Run the Nemotron Super V3 BF16 vLLM deployment checks across all eight GPUs and enable vLLM expert parallelism for the model's MoE layers.

The vLLM launcher defaults ci.vllm_deploy_gpus to one. Both Super V3 HellaSwag recipes enabled the native vLLM smoke path without overriding that default, so the smoke test derived tensor_parallel_size=1 and failed while allocating the 120B model.
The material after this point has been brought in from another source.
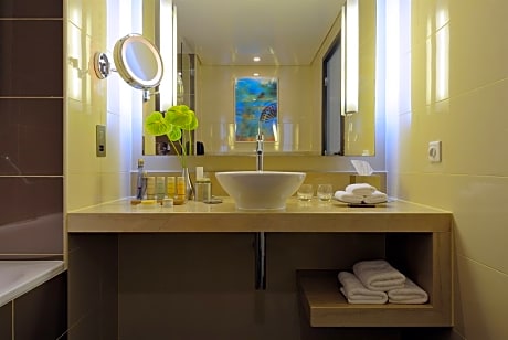 Experience an abundance of unparalleled facilities and features at Radisson Blu Hotel Abu Dhabi Yas Island.Maintain seamless communication using the complimentary Wi-Fi at hotel.Effortlessly arrange transportation to and from the airport using the hotel's airport transfer services. Discovering Abu Dhabi becomes even more accessible through the taxi, car hire and shuttle amenities provided at the hotel. For visitors traveling by automobile, complimentary parking is available.During your stay at this fantastic hotel, the attentive front desk personnel can provide you with a range of amenities such as concierge service, express check-in or check-out, luggage storage and safety deposit boxes.In search of city's top entertainment, seek assistance at the hotel's ticket service and tours for reservations.At the hotel, utilize the on-site dry cleaning service and laundry service to maintain your beloved travel attire fresh, allowing you to bring fewer clothes.Craving relaxation? Make the most of your stay at the Radisson Blu Hotel Abu Dhabi Yas Island with convenient amenities like 24-hour room service, room service and daily housekeeping at your disposal. Kindly note that smoking is prohibited in the hotel to ensure fresher air for all visitors. For visitors wishing to smoke, designated smoking zones can be found. At Radisson Blu Hotel Abu Dhabi Yas Island, every guestroom is provided with convenient amenities and fittings to ensure a comfortable stay. Enhance your experience at hotel with the knowledge that certain rooms are equipped with linen service and blackout curtains for your convenience.At Radisson Blu Hotel Abu Dhabi Yas Island, each visit offers an array of intriguing room configurations, featuring accommodations with separate living room and balcony or terrace, ensuring a distinct experience every time.Certain rooms boast in-room amusement features such as daily newspaper, television, in-room video streaming and cable TV, offering guests an enjoyable stay.In select rooms within the hotel, a coffee or tea maker, bottled water and mini bar is available to cater to your requirements when desired.It is worth noting that certain guest bathrooms feature a hair dryer, toiletries and bathrobes for your convenience. Be sure to stop by the elegant executive lounge where you can experience the lavish amenities and ambiance. Begin your day with a scrumptious on-site breakfast available each morning at Radisson Blu Hotel Abu Dhabi Yas Island.Begin your day feeling refreshed and invigorated as you enjoy a delightful cup of quality coffee available at the cafe situated within the hotel.At the hotel, an assortment of easily accessible and delicious meal choices are available to satisfy your appetite whenever it strikes. At Radisson Blu Hotel Abu Dhabi Yas Island, they are committed to catering to your unique requirements. They offer a variety of meal choices, encompassing halal alternatives for those with special dietary preferences. Enjoy an entertaining evening with your fellow travelers at the hotel's bar.During your stay at hotel, an array of engaging activities and amenities guarantees a delightful experience. During your stay, don't forget to allocate some moments to experience the readily available shoreline. Conclude your holiday perfectly with a visit to massage, hot tub, steam room, spa and sauna on your final days. Be sure to drop by the pool at hotel at least once during your stay. At Radisson Blu Hotel Abu Dhabi Yas Island, utmost care is taken to ensure guests' comfort. Relish your preferred beverage in your swimwear by the hotel's poolside bar.Discover the fitness amenities at hotel to maintain your health and strength during your getaway.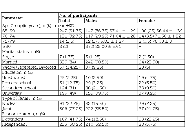 A total of 400 elderly participants comprising 284 men and 116 women with a mean age of 69.80±3.82 years and 67.25±2.57 years, respectively, were assessed for physical fitness tests and perceived wellness. The maximum number of subjects was in the age group of 65−69 years. Based on marital status, 84%were married. Almost half (49%) of participants completed university degree and only 7.25 percent were uneducated. Most of the participants (55.50% males and 21.75% females) stayed in joint families, and 58.25% of participants were economically independent. The baseline characteristics of the participants are shown in Table 2.

NVIDIA's deployment guidance uses tensor parallel size 8 and supports expert parallelism for this checkpoint.

This is the configuration fix for AM-668, a recurrence of AM-446.

Changelog

  • Set ci.vllm_deploy_gpus: 8 for the Nemotron Super V3 HellaSwag SFT and PEFT recipes.
  • Add an opt-in ci.vllm_enable_expert_parallel deploy-test setting and enable it for both 120B recipes.
  • Preserve the existing behavior for all recipes that do not opt in.
  • Add focused CPU unit coverage for enabled and default-disabled argument resolution.

Scoped CI

The deploy log confirms tensor_parallel_size=8 and enable_expert_parallel=True. It then reproduces the model-construction OOM under vLLM 0.11.1+...nv25.12. AutoModel's automation-owned deploy image still uses nvcr.io/nvidia/vllm:25.12-py3; NVIDIA's current Nemotron Super V3 guidance requires vLLM 0.18.1, and the NVIDIA 26.04 container explicitly adds Nemotron Super V3 support. The remaining blocker is therefore the shared deploy image, not this recipe's GPU or parallelism configuration.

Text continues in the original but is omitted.